[dpdk-dev] [PATCH v2 9/9] pci: implement automatic bind/unbind

David Marchand david.marchand at 6wind.com
Fri Jan 29 15:49:13 CET 2016


Reuse pci hook to implement automatic bind / unbind.

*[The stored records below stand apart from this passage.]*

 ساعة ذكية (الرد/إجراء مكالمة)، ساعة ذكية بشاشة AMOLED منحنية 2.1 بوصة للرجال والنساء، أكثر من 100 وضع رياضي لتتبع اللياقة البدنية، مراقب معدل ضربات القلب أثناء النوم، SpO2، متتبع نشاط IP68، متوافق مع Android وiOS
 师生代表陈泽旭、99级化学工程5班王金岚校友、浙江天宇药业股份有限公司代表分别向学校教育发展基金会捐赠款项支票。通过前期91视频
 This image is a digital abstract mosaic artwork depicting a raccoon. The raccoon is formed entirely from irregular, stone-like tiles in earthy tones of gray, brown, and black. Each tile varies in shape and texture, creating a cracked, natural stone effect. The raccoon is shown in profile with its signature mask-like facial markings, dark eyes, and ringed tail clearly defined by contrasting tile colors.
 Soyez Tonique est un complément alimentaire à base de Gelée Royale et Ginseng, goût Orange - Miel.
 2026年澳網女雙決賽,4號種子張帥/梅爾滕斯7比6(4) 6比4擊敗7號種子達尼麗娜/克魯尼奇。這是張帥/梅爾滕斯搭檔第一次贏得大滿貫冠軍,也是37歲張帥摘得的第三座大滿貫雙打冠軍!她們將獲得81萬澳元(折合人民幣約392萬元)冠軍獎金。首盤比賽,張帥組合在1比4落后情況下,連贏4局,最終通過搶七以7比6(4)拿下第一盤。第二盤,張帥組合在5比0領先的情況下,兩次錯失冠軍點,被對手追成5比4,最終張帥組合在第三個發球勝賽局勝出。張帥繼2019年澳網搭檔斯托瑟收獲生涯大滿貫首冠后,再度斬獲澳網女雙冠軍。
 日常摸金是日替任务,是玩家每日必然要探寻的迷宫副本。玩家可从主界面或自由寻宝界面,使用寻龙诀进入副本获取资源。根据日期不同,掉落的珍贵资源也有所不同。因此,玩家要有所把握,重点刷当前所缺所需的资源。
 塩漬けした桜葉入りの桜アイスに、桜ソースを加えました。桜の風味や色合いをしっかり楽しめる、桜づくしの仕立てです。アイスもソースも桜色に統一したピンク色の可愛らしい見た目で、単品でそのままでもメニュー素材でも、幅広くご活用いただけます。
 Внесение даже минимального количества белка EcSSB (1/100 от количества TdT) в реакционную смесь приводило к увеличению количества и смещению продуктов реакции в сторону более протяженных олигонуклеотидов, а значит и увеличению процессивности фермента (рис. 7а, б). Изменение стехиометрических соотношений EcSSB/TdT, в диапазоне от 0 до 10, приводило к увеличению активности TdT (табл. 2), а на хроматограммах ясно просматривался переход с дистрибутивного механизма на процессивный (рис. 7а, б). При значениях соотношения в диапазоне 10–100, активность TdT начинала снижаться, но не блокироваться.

The more I look at this, the more I think this should go to the PMDs
themselves (with options per devices to control this), with EAL offering
helpers to achieve this.

Signed-off-by: David Marchand <david.marchand at 6wind.com>
---
 lib/librte_eal/bsdapp/eal/eal_pci.c        |  25 ++++
 lib/librte_eal/common/eal_common_options.c |   8 ++
 lib/librte_eal/common/eal_common_pci.c     |  79 +++++++++++
 lib/librte_eal/common/eal_options.h        |   2 +
 lib/librte_eal/common/eal_private.h        |  38 ++++++
 lib/librte_eal/common/include/rte_pci.h    |   7 +-
 lib/librte_eal/linuxapp/eal/eal_pci.c      | 210 +++++++++++++++++++++++++++++
 7 files changed, 367 insertions(+), 2 deletions(-)

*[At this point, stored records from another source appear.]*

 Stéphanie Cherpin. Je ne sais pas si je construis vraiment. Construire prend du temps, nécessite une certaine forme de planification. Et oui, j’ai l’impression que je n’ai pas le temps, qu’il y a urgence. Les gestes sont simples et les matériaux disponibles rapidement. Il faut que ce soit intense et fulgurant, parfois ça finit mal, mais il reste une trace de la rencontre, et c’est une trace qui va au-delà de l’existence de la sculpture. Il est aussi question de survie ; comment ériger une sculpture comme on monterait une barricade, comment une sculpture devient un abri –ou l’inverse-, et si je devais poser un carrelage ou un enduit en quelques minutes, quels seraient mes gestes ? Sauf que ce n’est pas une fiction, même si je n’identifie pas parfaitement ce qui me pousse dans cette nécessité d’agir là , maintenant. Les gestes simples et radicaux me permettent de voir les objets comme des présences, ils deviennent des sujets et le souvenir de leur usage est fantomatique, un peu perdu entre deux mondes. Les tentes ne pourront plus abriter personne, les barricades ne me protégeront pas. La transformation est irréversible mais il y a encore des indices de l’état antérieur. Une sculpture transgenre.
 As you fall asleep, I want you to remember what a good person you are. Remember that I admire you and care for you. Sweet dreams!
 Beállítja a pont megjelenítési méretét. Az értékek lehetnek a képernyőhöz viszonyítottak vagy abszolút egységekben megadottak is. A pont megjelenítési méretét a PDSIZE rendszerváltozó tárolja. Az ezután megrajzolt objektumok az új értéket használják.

diff --git a/lib/librte_eal/bsdapp/eal/eal_pci.c b/lib/librte_eal/bsdapp/eal/eal_pci.c
index e95249b..130f7e9 100644
--- a/lib/librte_eal/bsdapp/eal/eal_pci.c
+++ b/lib/librte_eal/bsdapp/eal/eal_pci.c
@@ -91,6 +91,31 @@ pci_unbind_kernel_driver(struct rte_pci_device *dev __rte_unused)
 	return -ENOTSUP;
 }
 
+int
+pci_rebind_device(const struct rte_pci_device *dev __rte_unused,
+		  const char *driver __rte_unused)
+{
+	RTE_LOG(ERR, EAL, "Rebinding device to pci kernel drivers is not implemented for BSD\n");
+	return -ENOTSUP;
+}
+
+int
+pci_mapping_driver_bound(const struct rte_pci_device *dev)
+{
+	int ret;
+
+	switch (dev->kdrv) {
+	case RTE_KDRV_NIC_UIO:
+		ret = 1;
+		break;
+	default:
+		ret = 0;
+		break;
+	}
+
+	return ret;
+}
+
 /* Map pci device */
 int
 pci_map_device(struct rte_pci_device *dev)

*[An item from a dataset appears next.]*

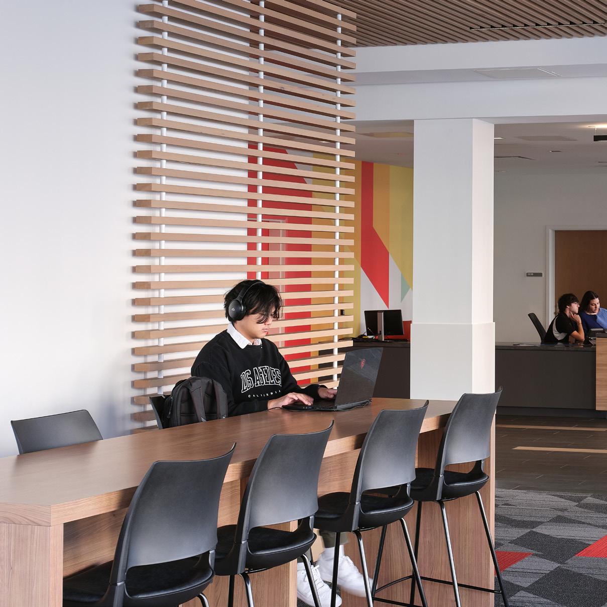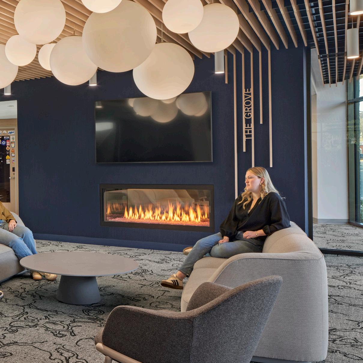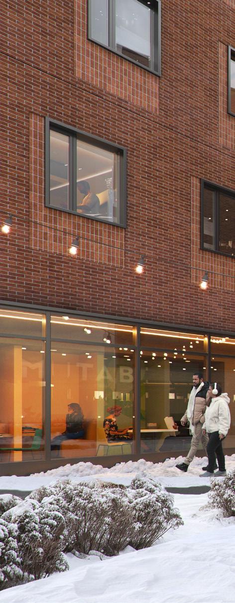 The strategic use of glass and well-positioned social spaces create a welcoming and intuitive residential experience. First-year students easily know where to go when leaving their units and can choose when and how to interact.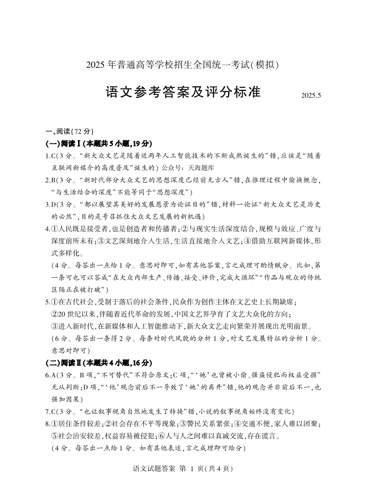 临沂市2025年5月高三第二次模拟考试 语文答案.pdf

diff --git a/lib/librte_eal/common/eal_common_options.c b/lib/librte_eal/common/eal_common_options.c
index 29942ea..b646abd 100644
--- a/lib/librte_eal/common/eal_common_options.c
+++ b/lib/librte_eal/common/eal_common_options.c
@@ -54,6 +54,7 @@
 #include "eal_internal_cfg.h"
 #include "eal_options.h"
 #include "eal_filesystem.h"
+#include "eal_private.h"
 
 #define BITS_PER_HEX 4
 
@@ -95,6 +96,7 @@ eal_long_options[] = {
 	{OPT_VFIO_INTR,         1, NULL, OPT_VFIO_INTR_NUM        },
 	{OPT_VMWARE_TSC_MAP,    0, NULL, OPT_VMWARE_TSC_MAP_NUM   },
 	{OPT_XEN_DOM0,          0, NULL, OPT_XEN_DOM0_NUM         },
+	{OPT_PCI_UIO_AUTOBIND,  1, NULL, OPT_PCI_UIO_AUTOBIND_NUM },
 	{0,                     0, NULL, 0                        }
 };
 
@@ -897,6 +899,10 @@ eal_parse_common_option(int opt, const char *optarg,
 		}
 		break;
 
+	case OPT_PCI_UIO_AUTOBIND_NUM:
+		pci_init_autobind(optarg);
+		break;
+
 	/* don't know what to do, leave this to caller */
 	default:
 		return 1;
@@ -1019,5 +1025,7 @@ eal_common_usage(void)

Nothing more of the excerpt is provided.